As I've mentioned before, advances in molecular biology have continued to make all sorts of brute-force approachs possible - things that would have been laughed at (or, more likely, not even proposed at all) a few years ago.

Another recent example of this is a paper earlier this year in Nature from the group of Michael White at UT-Southwestern. The authors selected a lung cancer cell line that's know to be very sensitive to Taxol (paclitaxel), and looked for possible targets that might increase the drug's effectiveness. (It's a good compound to pick for a study like this, since it's simultaneously quite effective and quite toxic).

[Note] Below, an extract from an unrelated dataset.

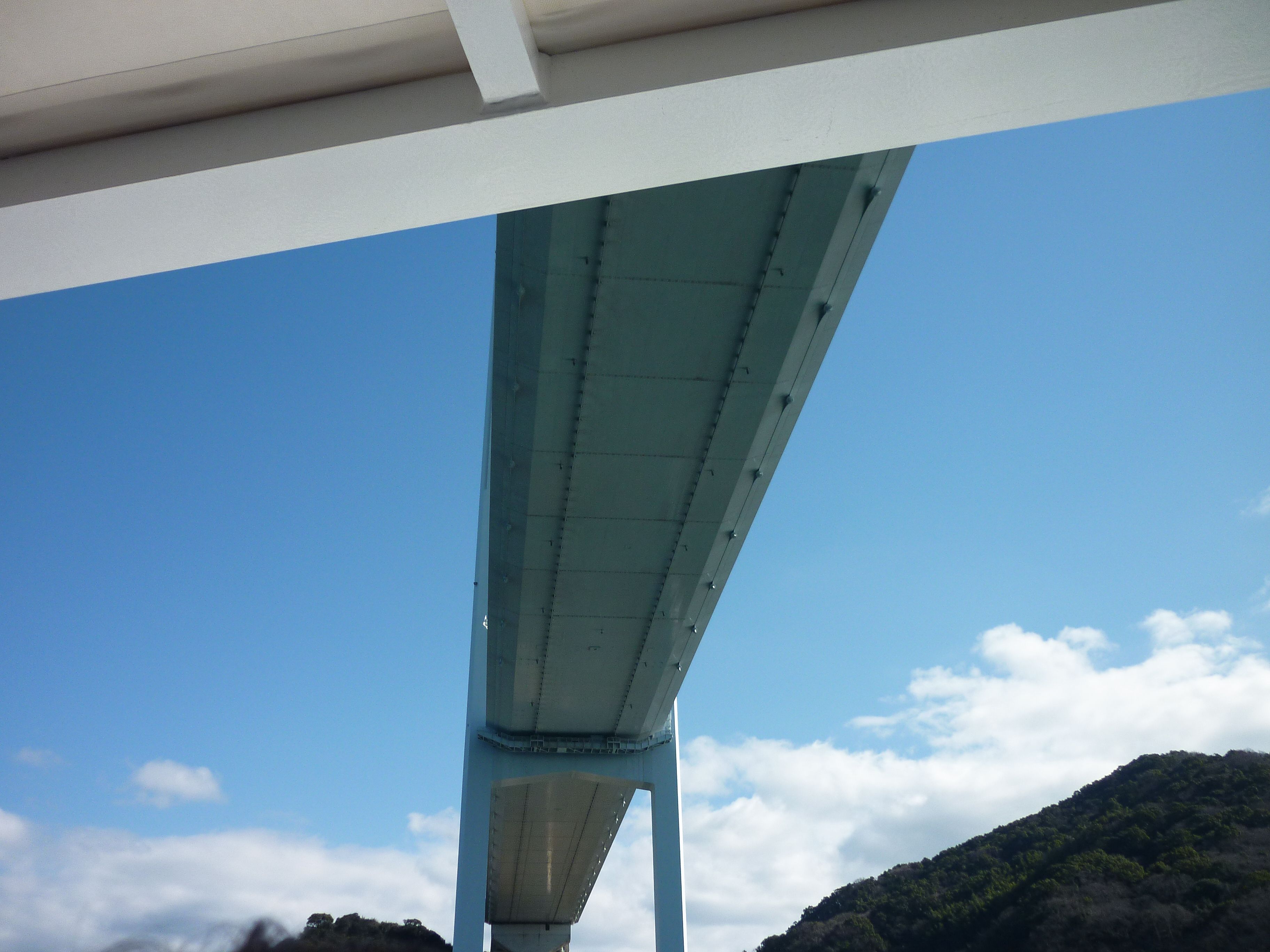 水面から非常に高い場所を人や車が通行する斜張橋の形式で、世界最大級の客船も通過できるようになっている。

So, how do you go fishing for such combinations? These days, you set up 21,127 experimental wells, each one contained some cells and some silencing RNA molecules targeting, one at a time, 21,127 different human genes. And you look to see if knocking down expression of any of those genes increased the potency of a normally ineffective dose of the drug. (There were four different siRNAs per gene, actually, and each one was run in triplicate with and without Taxol, leading to a Whole Lotta 96-well plates. I'm glad I'm not paying for all the pipet tips, I can tell you that for sure.)

As you'd imagine, working up the data from this kind of thing takes as long, or longer, than setting one up. After comparing everything to the control wells and to each other several different ways, they ended up with 87 candidate genes whose knockdown seems to make the drug more effective. Gratifyingly, many of these make one kind of sense or another - there are several genes, for example, that are known to be involved in spindle formation, which is the target of paclitaxel itself.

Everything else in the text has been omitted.